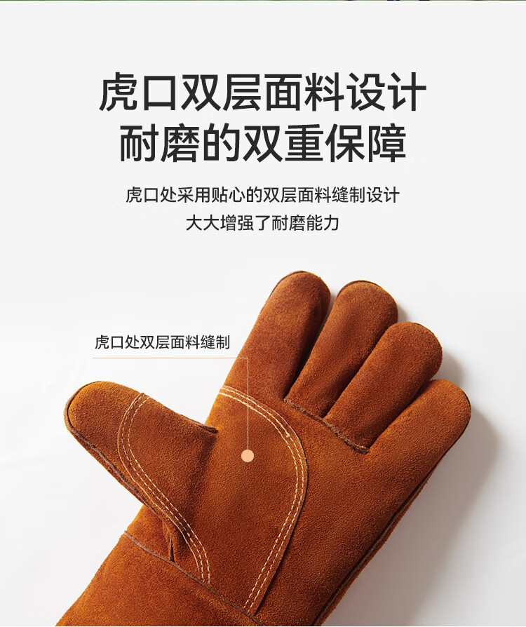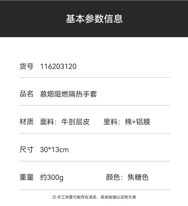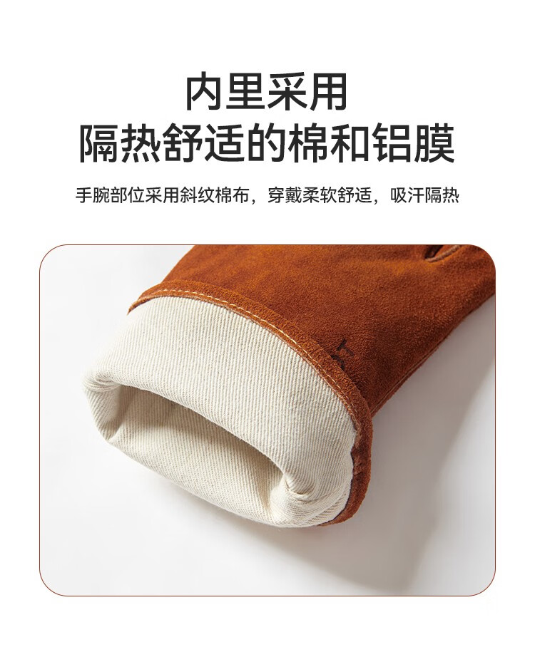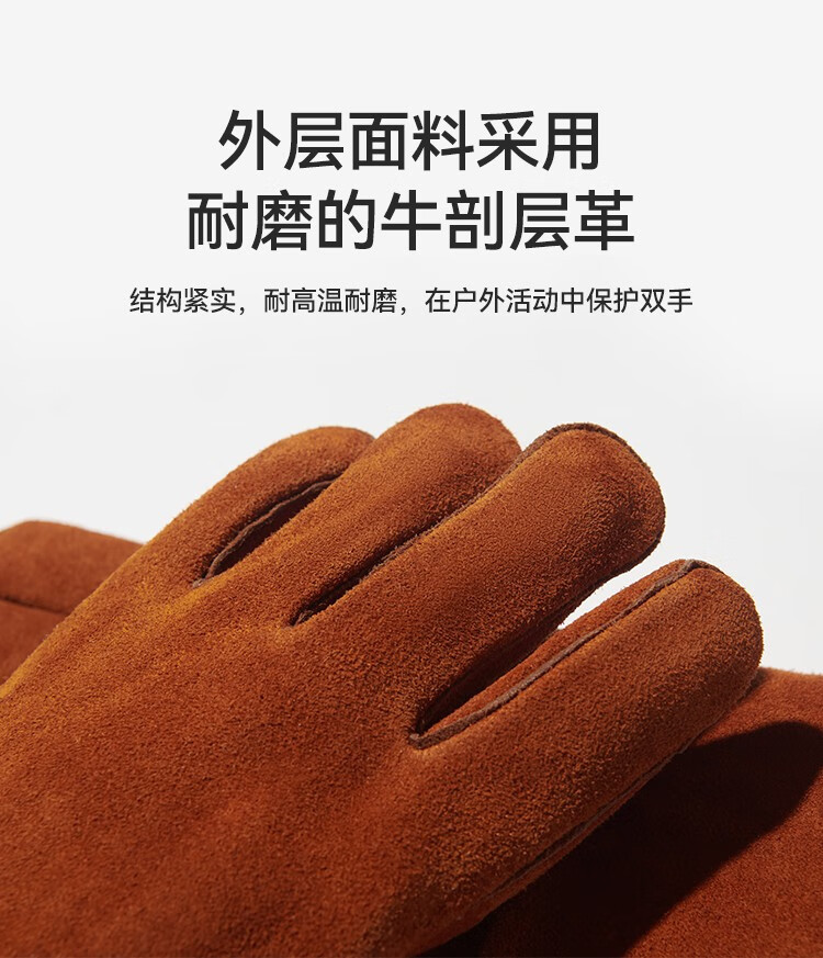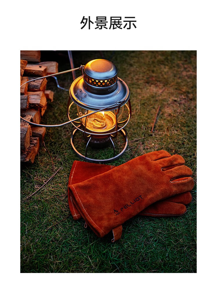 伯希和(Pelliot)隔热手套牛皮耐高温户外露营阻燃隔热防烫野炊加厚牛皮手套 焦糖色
==
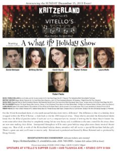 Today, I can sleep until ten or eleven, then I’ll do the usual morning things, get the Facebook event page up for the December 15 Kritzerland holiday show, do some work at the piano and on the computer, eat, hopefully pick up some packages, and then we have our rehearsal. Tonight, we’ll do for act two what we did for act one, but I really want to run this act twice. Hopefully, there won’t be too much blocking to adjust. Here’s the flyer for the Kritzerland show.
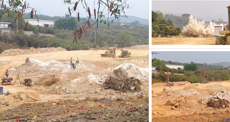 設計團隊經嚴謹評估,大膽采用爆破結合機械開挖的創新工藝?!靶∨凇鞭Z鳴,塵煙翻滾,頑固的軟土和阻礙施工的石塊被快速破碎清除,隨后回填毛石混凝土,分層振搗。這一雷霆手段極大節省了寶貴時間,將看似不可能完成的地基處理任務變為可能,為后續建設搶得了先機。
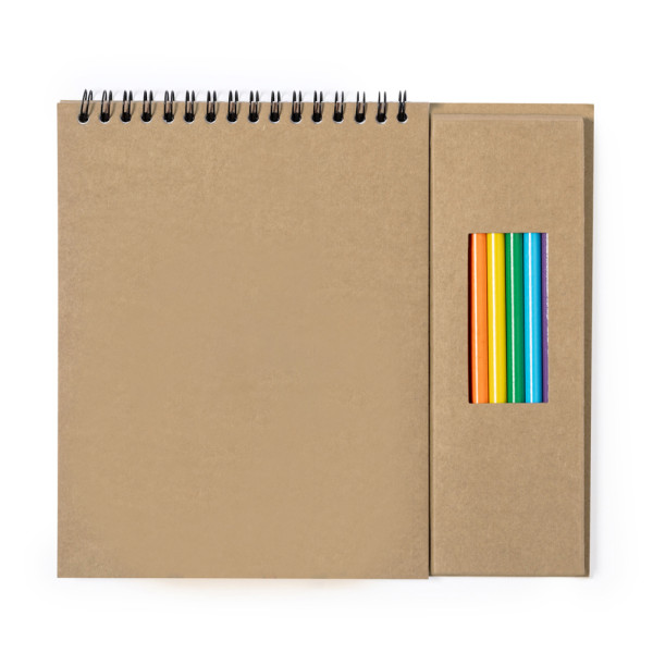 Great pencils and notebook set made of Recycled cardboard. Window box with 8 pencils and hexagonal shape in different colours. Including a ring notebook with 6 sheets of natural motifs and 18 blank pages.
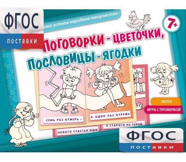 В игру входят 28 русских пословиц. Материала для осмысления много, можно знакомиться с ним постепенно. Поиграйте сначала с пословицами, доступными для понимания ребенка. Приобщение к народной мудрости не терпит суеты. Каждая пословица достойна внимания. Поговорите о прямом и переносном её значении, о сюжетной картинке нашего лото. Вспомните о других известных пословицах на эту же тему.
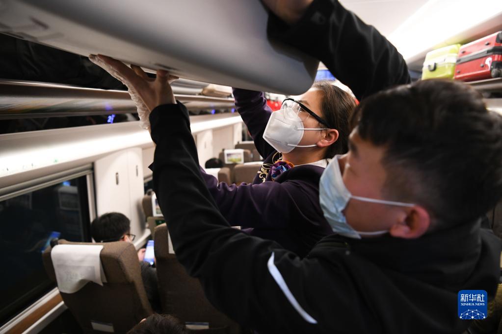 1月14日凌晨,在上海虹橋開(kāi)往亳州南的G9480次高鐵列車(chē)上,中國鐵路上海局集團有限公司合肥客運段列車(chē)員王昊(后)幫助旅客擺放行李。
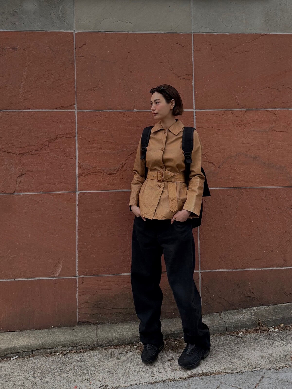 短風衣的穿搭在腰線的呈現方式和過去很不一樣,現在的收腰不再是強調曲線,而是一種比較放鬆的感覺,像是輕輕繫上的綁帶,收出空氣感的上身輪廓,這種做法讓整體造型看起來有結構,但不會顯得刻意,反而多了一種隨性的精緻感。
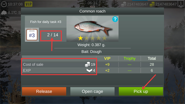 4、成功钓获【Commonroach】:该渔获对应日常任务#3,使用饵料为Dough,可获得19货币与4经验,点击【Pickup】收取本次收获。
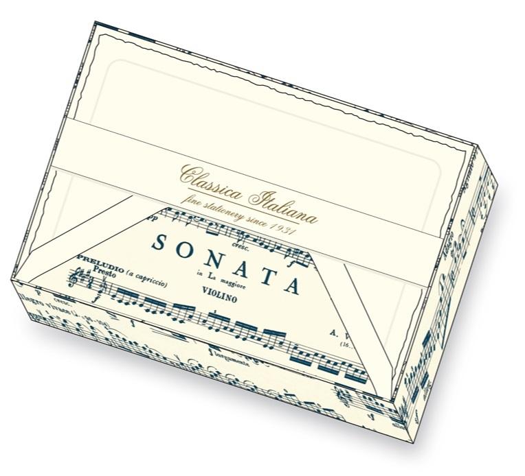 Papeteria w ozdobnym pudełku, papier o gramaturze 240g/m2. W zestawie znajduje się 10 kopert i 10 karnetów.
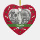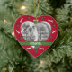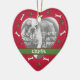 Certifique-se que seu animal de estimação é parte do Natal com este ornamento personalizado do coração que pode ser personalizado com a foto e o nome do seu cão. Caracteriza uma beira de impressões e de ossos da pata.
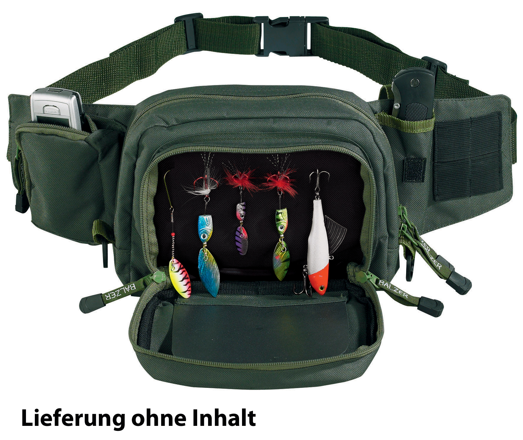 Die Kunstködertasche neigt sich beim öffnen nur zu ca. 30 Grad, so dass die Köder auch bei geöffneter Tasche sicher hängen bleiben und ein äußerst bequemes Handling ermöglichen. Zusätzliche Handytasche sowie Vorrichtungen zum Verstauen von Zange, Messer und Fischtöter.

▸ **Description of the task**: Write out exactly the lines above between the one with "設計團隊經嚴謹評估,大膽采用" and the one with "Great pencils and", inclusive, with pictures left out.

▸ **Answer box**:
 設計團隊經嚴謹評估,大膽采用爆破結合機械開挖的創新工藝?!靶∨凇鞭Z鳴,塵煙翻滾,頑固的軟土和阻礙施工的石塊被快速破碎清除,隨后回填毛石混凝土,分層振搗。這一雷霆手段極大節省了寶貴時間,將看似不可能完成的地基處理任務變為可能,為后續建設搶得了先機。
 Great pencils and notebook set made of Recycled cardboard. Window box with 8 pencils and hexagonal shape in different colours. Including a ring notebook with 6 sheets of natural motifs and 18 blank pages.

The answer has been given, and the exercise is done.